• _BRIEF_:
Your output should match the listing below word for word, without any images.

• _GIVEN MATERIAL_:
========================

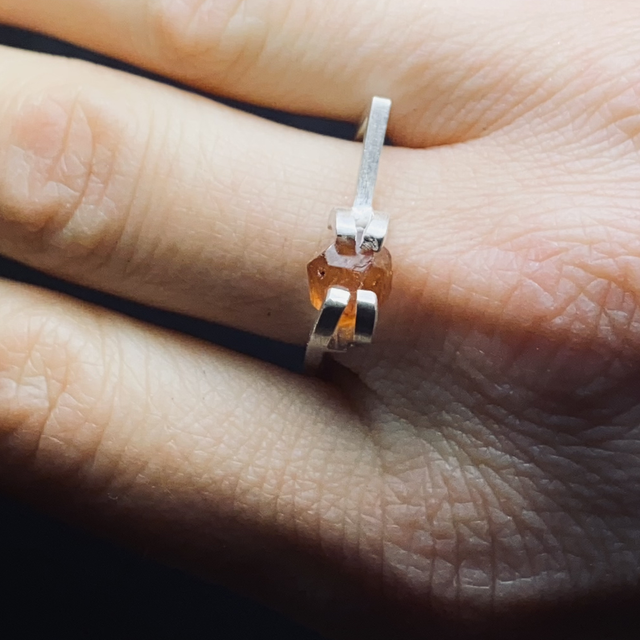 Anello quadrato realizzato a mano in argento 925 in filo sezione quadrata effetto satinato con doppia coppia di punte che incastonano un granato spessartina grezzo di colore arancione/rosso intenso.
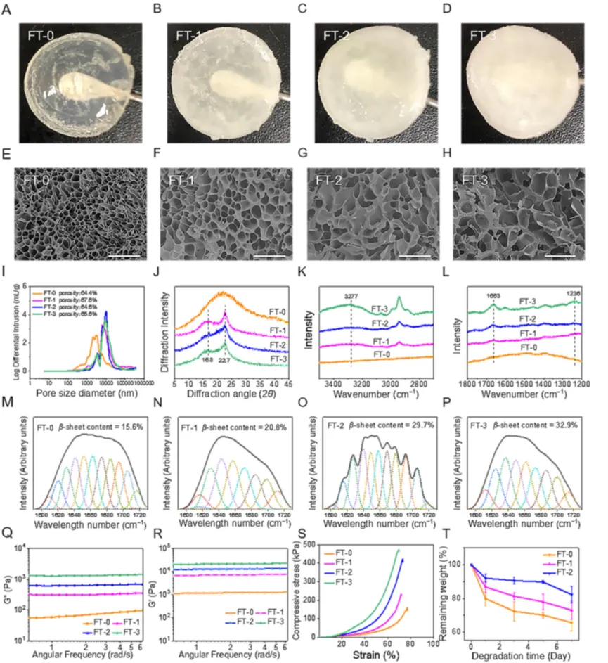 圖2A-D所示,制備的4種不同凍融周期的RSF水凝膠的透明度與循環(huán)次數(shù)成反比。SEM圖像(圖2E-H)顯示,所有水凝膠都具有均勻且相互連接的多孔結(jié)構(gòu)。采用壓汞法定量測定了RSF水凝膠的孔隙度和孔徑分布。從圖2I可以看出,經(jīng)過凍融處理的RSF水凝膠的平均孔徑大于FT-0水凝膠的平均孔徑,與SEM結(jié)果一致。4種不同凍融孔隙率差異不大,說明凍融對RSF水凝膠孔隙率無明顯影響。通過XRD分析對RSF水凝膠的晶體結(jié)構(gòu)進行評價(圖2J)。FT-0在20°左右出現(xiàn)一個加寬的峰,表明β-片的含量較低。相比之下,經(jīng)過凍融處理的RSF水凝膠的XRD有很大不同。這些水凝膠分別在16.7°和22.8°處有2個衍射峰。圖2K采用拉曼光譜對樣品進行表征,結(jié)果顯示,F(xiàn)T-1、FT-2和FT-3的β-折疊對應(yīng)的峰位于1663 cm-1和1236 cm-1。如圖2M-P所示,當凍融循環(huán)次數(shù)從0次增加到3次時,水凝膠中β-折疊結(jié)構(gòu)的含量從15.6%增加到32.9%,這證實了RSF水凝膠中β-折疊的含量可以通過凍融方法進行調(diào)節(jié)。圖2Q和圖R所示,所有RSF水凝膠均呈現(xiàn)穩(wěn)定的水凝膠狀態(tài),且在測試范圍內(nèi),存儲模量(G′)始終大于損耗模量(G″)。
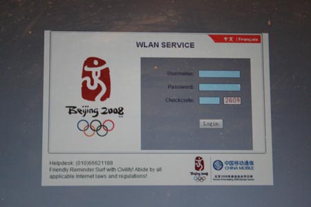 8月27日下午,奧組委技術(shù)部部長楊義春在回顧本屆奧運會通信保障工作時向騰訊科技表示,無線局域網(wǎng)WLAN在本屆奧運會上的成功應(yīng)用,為全球各地前來報道奧運的媒體記者提供了極大的便利。中國移動所提供的WLAN服務(wù)界面
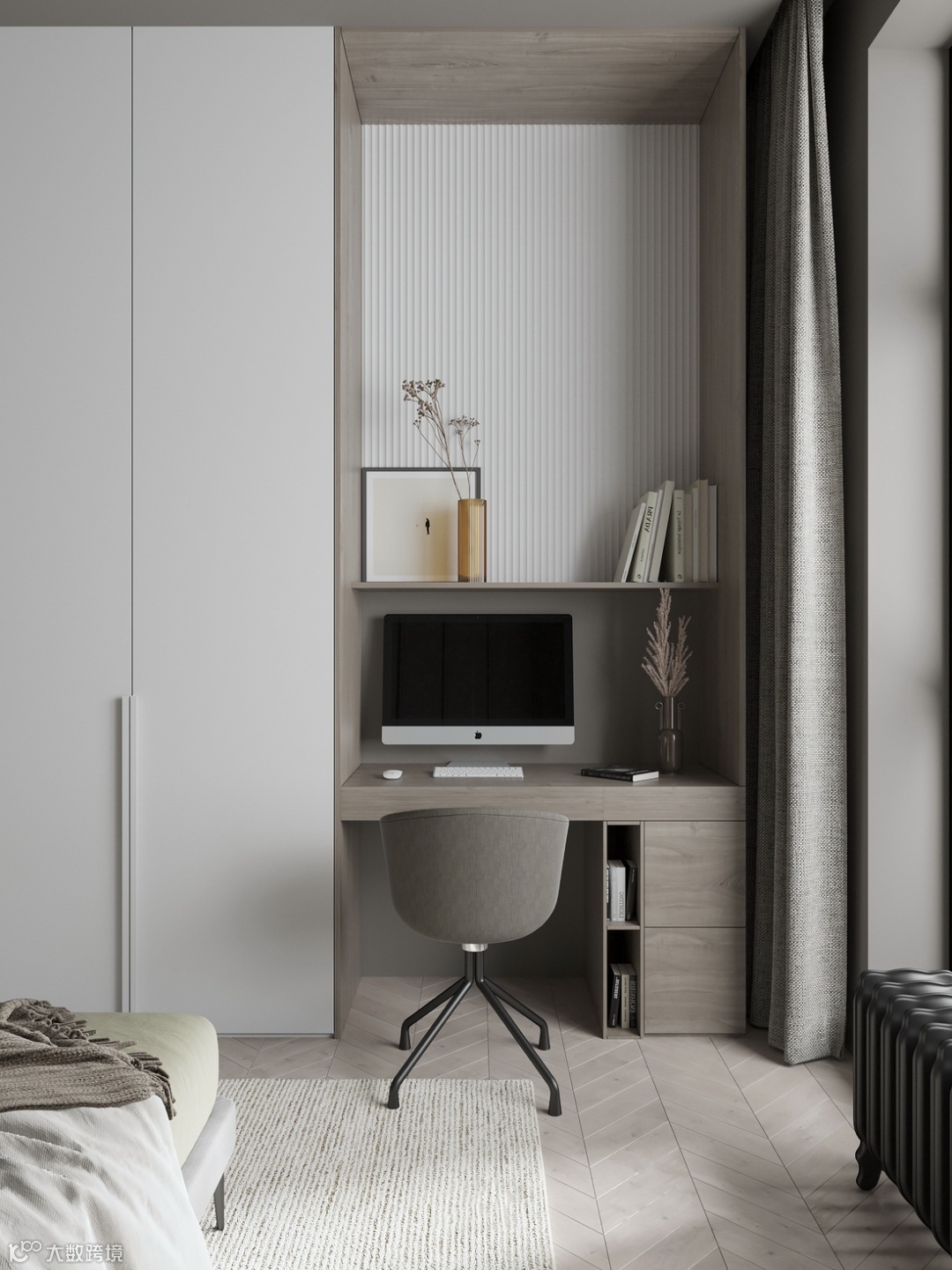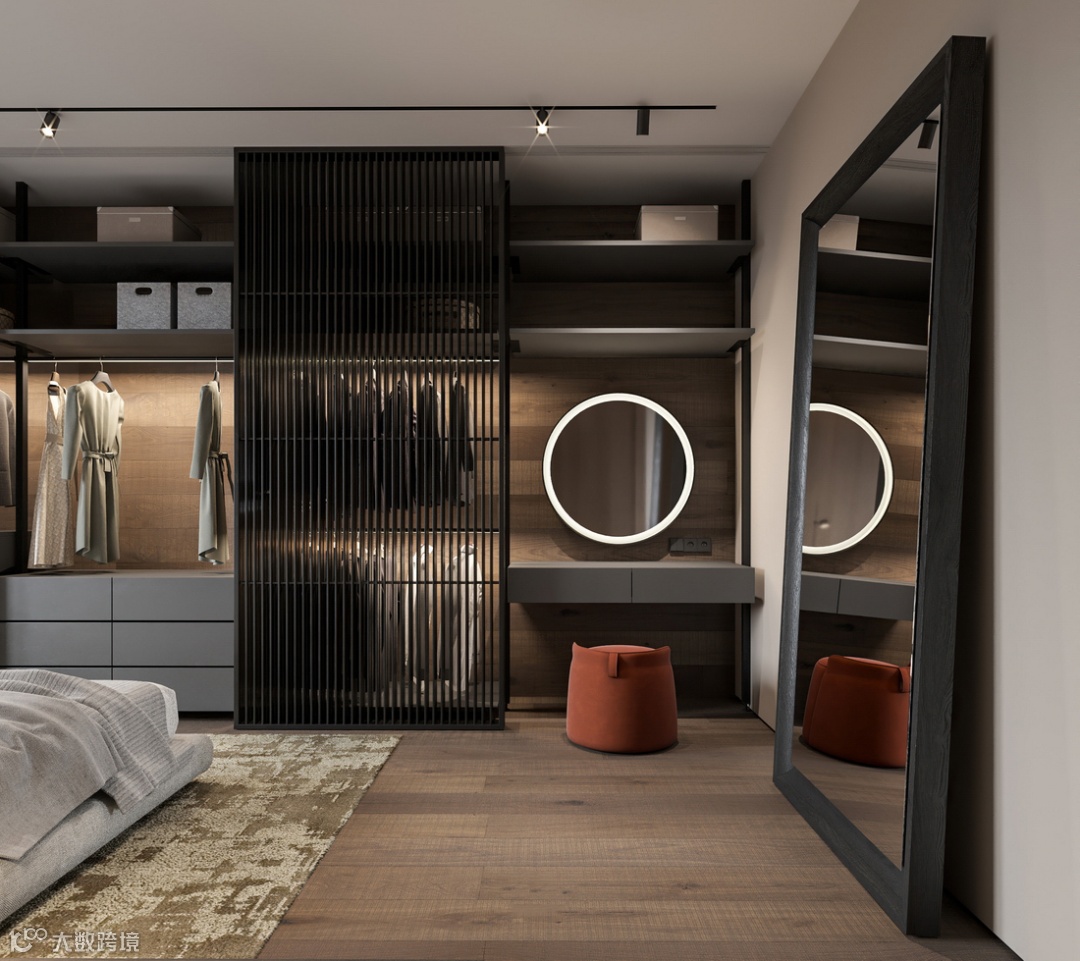 在现代卧室视觉呈现中,简约的半面高级灰整木在原木墙板中相辅相成,以美学的视角去诠释安静平和的卧室空间,配合定制床头柜的功能化呈现,让休憩成为生活艺术的承载,营造出愉悦放松的一方天地,使之成为年轻个性都市人的灵魂居所。

========================

• _SOLUTION FOR THIS PROBLEM_:
 Anello quadrato realizzato a mano in argento 925 in filo sezione quadrata effetto satinato con doppia coppia di punte che incastonano un granato spessartina grezzo di colore arancione/rosso intenso.
 圖2A-D所示,制備的4種不同凍融周期的RSF水凝膠的透明度與循環(huán)次數(shù)成反比。SEM圖像(圖2E-H)顯示,所有水凝膠都具有均勻且相互連接的多孔結(jié)構(gòu)。采用壓汞法定量測定了RSF水凝膠的孔隙度和孔徑分布。從圖2I可以看出,經(jīng)過凍融處理的RSF水凝膠的平均孔徑大于FT-0水凝膠的平均孔徑,與SEM結(jié)果一致。4種不同凍融孔隙率差異不大,說明凍融對RSF水凝膠孔隙率無明顯影響。通過XRD分析對RSF水凝膠的晶體結(jié)構(gòu)進行評價(圖2J)。FT-0在20°左右出現(xiàn)一個加寬的峰,表明β-片的含量較低。相比之下,經(jīng)過凍融處理的RSF水凝膠的XRD有很大不同。這些水凝膠分別在16.7°和22.8°處有2個衍射峰。圖2K采用拉曼光譜對樣品進行表征,結(jié)果顯示,F(xiàn)T-1、FT-2和FT-3的β-折疊對應(yīng)的峰位于1663 cm-1和1236 cm-1。如圖2M-P所示,當凍融循環(huán)次數(shù)從0次增加到3次時,水凝膠中β-折疊結(jié)構(gòu)的含量從15.6%增加到32.9%,這證實了RSF水凝膠中β-折疊的含量可以通過凍融方法進行調(diào)節(jié)。圖2Q和圖R所示,所有RSF水凝膠均呈現(xiàn)穩(wěn)定的水凝膠狀態(tài),且在測試范圍內(nèi),存儲模量(G′)始終大于損耗模量(G″)。
 8月27日下午,奧組委技術(shù)部部長楊義春在回顧本屆奧運會通信保障工作時向騰訊科技表示,無線局域網(wǎng)WLAN在本屆奧運會上的成功應(yīng)用,為全球各地前來報道奧運的媒體記者提供了極大的便利。中國移動所提供的WLAN服務(wù)界面
 在现代卧室视觉呈现中,简约的半面高级灰整木在原木墙板中相辅相成,以美学的视角去诠释安静平和的卧室空间,配合定制床头柜的功能化呈现,让休憩成为生活艺术的承载,营造出愉悦放松的一方天地,使之成为年轻个性都市人的灵魂居所。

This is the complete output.